I am trying to solve a homogeneous Fredholm integral equation of the second kind, i.e. $\lambda y(x) = \int\limits_a^b e^{i[\phi(t)+k(t-x/M)^2]} y(t)\,dt$

where $\lambda$ is the eigenvalue (to be determined), and $\phi(t)$ is a polynomial in $t$. Has anyone come across a Mathematica routine to do this? Thanks! Mark

-
If k is large, one obvious thing that comes to mind is to use the saddle point approximation. The general equation does not look like the one you can solve exactly. Numerically, you can try some finite difference scheme, or may be something similar to what I described here. – Leonid Shifrin May 14 '13 at 21:25
Could you give a particular $a,b,k,M$ and $\phi(t)$ you're studying? – J. M. is back. May 15 '13 at 8:44
Leonid: Thanks for the comments. The problem with stationary-phase is that past the first term, succeeding terms depend on the value at the end points, which doesn't really help. I also looked at your link - it's not clear to me how one gets the eigenvalue using that method. – Mark May 15 '13 at 17:45
@J.M.: let a=-1, b=1, k~500, M=3, phi = c2 t^2 - c4 t^4 with c2 and c4 constants of order 100 and 10 respectively – Mark May 15 '13 at 17:59
@Mark Since your value of k is so large, I would still start with a stationary phase, and then perhaps use some iterative scheme.
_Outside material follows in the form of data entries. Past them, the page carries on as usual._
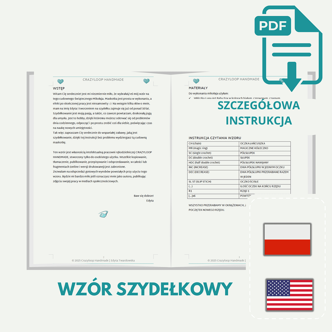Po zakupie otrzymasz natychmiastowy dostęp do pliku, dzięki czemu możesz zacząć dziergać od razu – bez czekania na wysyłkę.
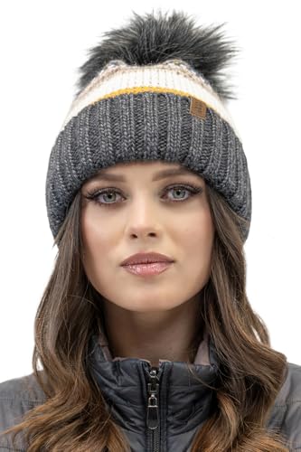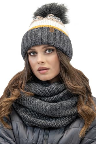VIVISENCE Modisches Winterset Für Damen Warme Mütze Mit Antistatischem Fleece Und Umweltfreundlichem Bommel Passender Loop-Schal Aus Weichem Garn Perfekt Für Kalte Tage Und, Dunkelgrau,Einheitsgröße
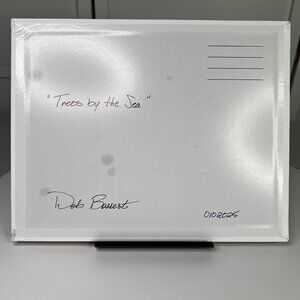 This original artwork by Deb Bossert captures a serene coastal landscape with lush trees and vibrant wildflowers. The use of acrylic paints creates a dynamic texture and depth, emphasizing the beauty of nature. Its compact size is perfect for display in any room, offering a tranquil view of the sea.
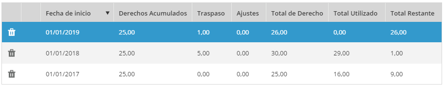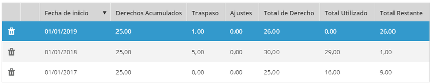- El empleado recibe sus 25 días de Derecho Acumulado estándar, más el día traspasado del año 2018. Por lo tanto, reciben un Total de Derecho de 26 días.
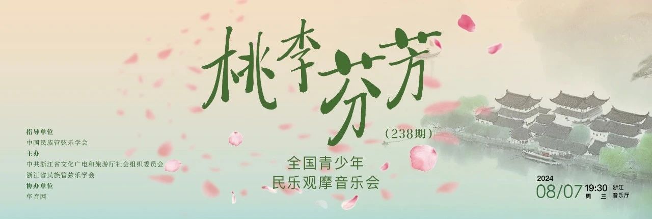 8月7日,立秋,万物从这一天开始从繁茂生长趋于成熟。这一天,“桃李芬芳”(第238期)全国青少年民乐观摩音乐会的小演奏家们用他们的“吹拉弹打”为杭城的观众呈现了一台规模质量可观,尽显新时代风貌的青少年民乐盛典。
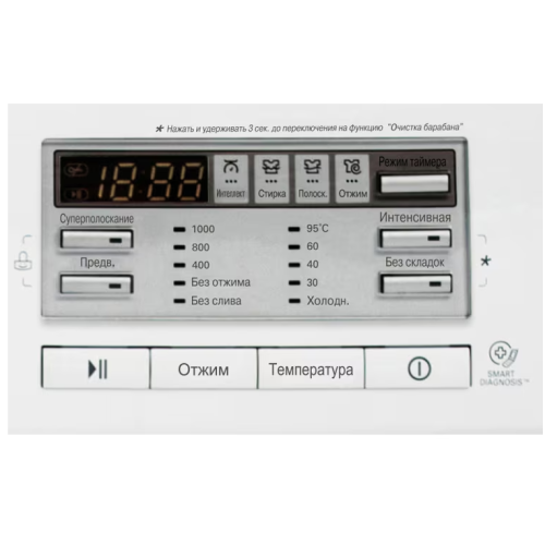 | Индикация | Времени программы/Времени отложенного старта/Завершения программы/Скорости отжима/Температуры |
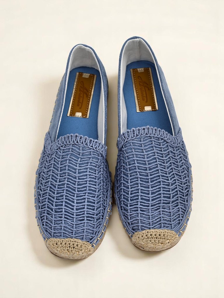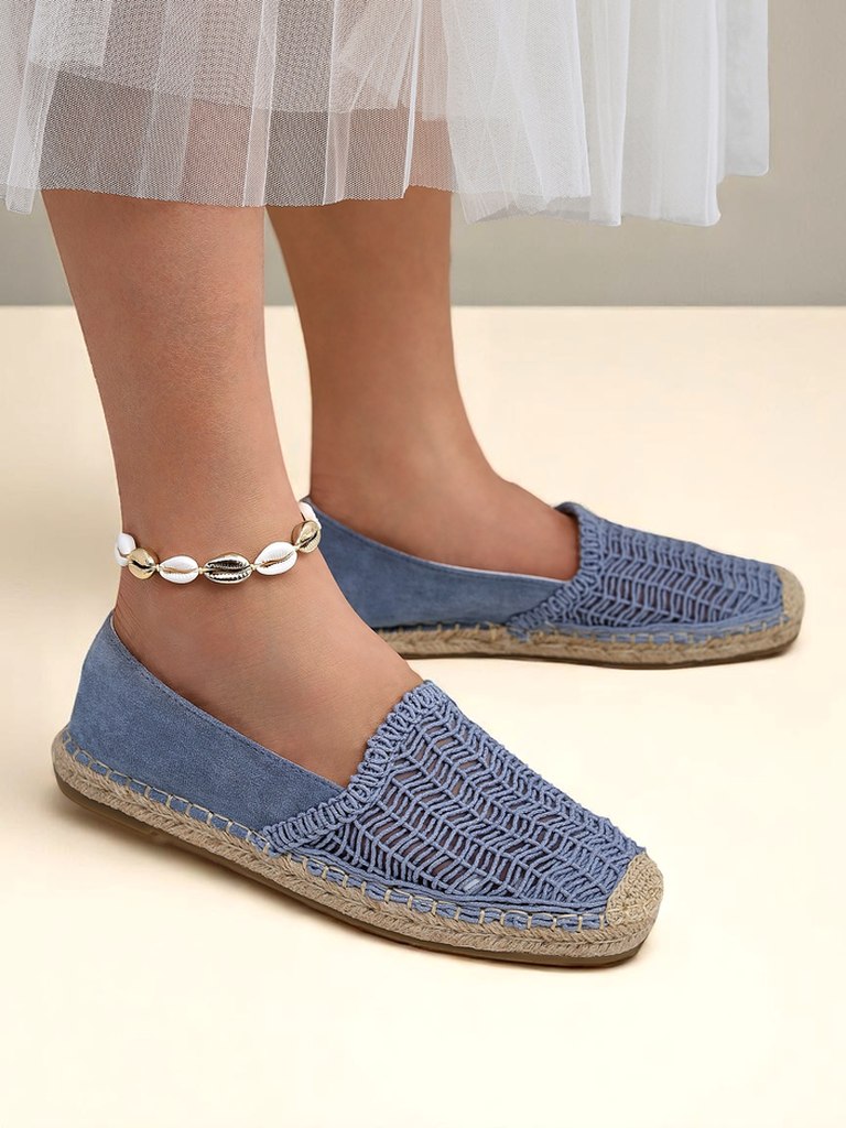 - Леки еспадрили от еко велур и плетена тъкан на бомбето. Ютеният шнур на подметката добавя чар. Удобни и стилни – перфектни за летни разходки.
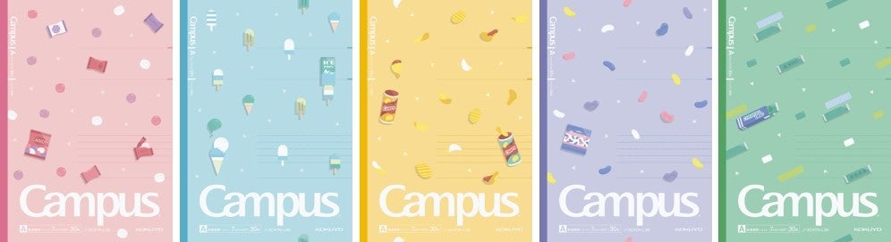 限定キャンパスノート <スナックモチーフ> 5色パック(ドット入り罫線)
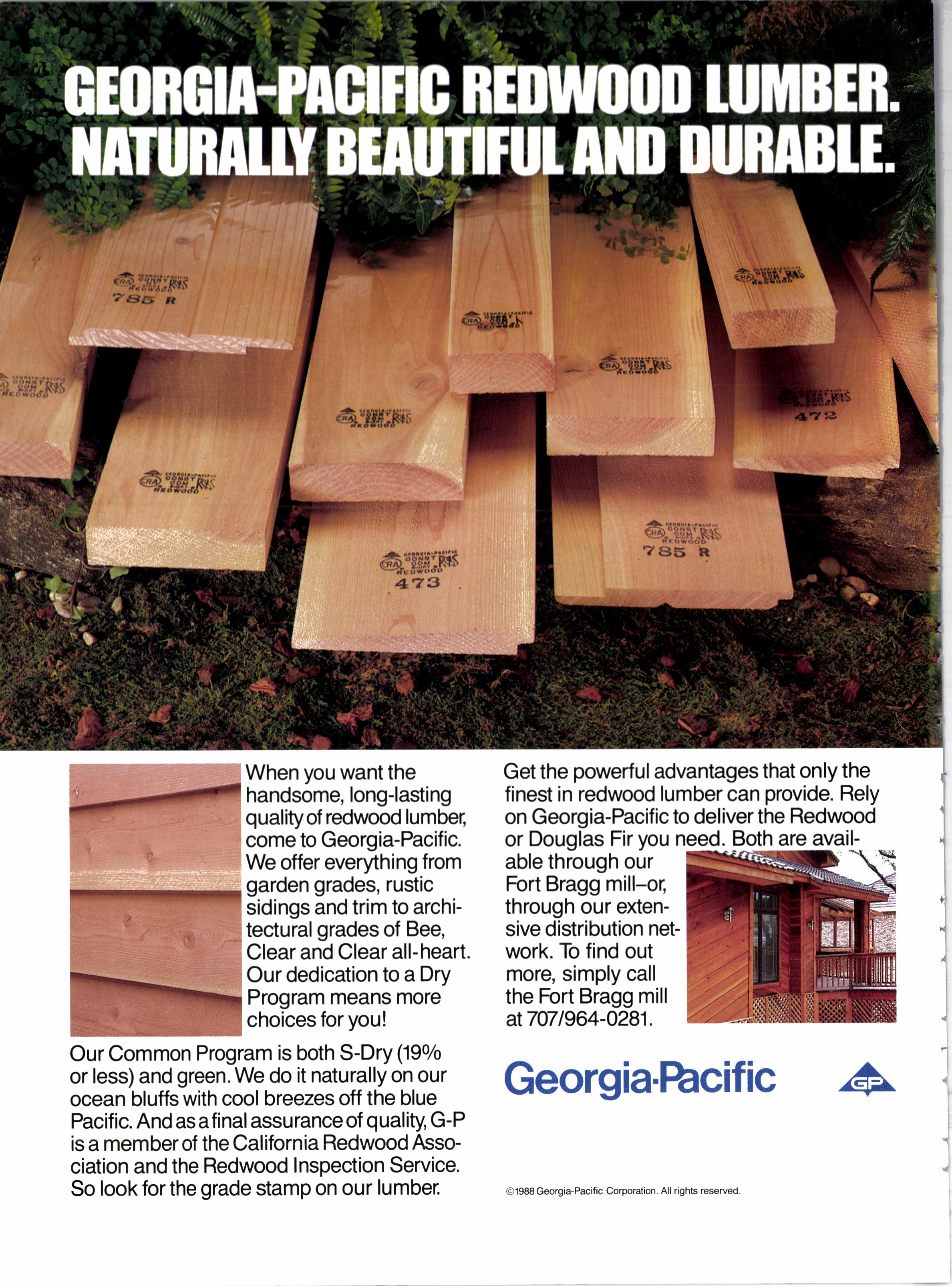 Get the powerful advantages that only the finest in redwood lumber can provide. Rely on Georgia-Pacific to deliver the Redwood or Douglas Fir you need. Both are available through our Fort Bragg mill-ol through our extensive distribution network. To find out more, simply call the Fort Bragg mill at7071964-0281.

The scheme I linked to will be very hard to apply directly, given the highly oscillatory kernel of your equation - one would need to discretize on a very fine grid, and likely also use extended precision arithmetic - and even then I don't think this will be robust. To my mind, you first have to factor out the highly oscillatory part, which stationary phase should do for you - and then you could perhaps apply some finite difference scheme to the corrections. – Leonid Shifrin May 15 '13 at 19:58

## Rahbar and Hashemizadeh's approach

You could use the code provided by PlatoManiac in response to a similar question which implements the method from Rahbar and Hashemizadeh's paper A Computational Approach to the Fredholm Integral Equation of the Second Kind.

## NISolve.nb

The Mathematica library includes code for Numerical Solution of One-Dimensional Linear Integral Equations of the Second Kind.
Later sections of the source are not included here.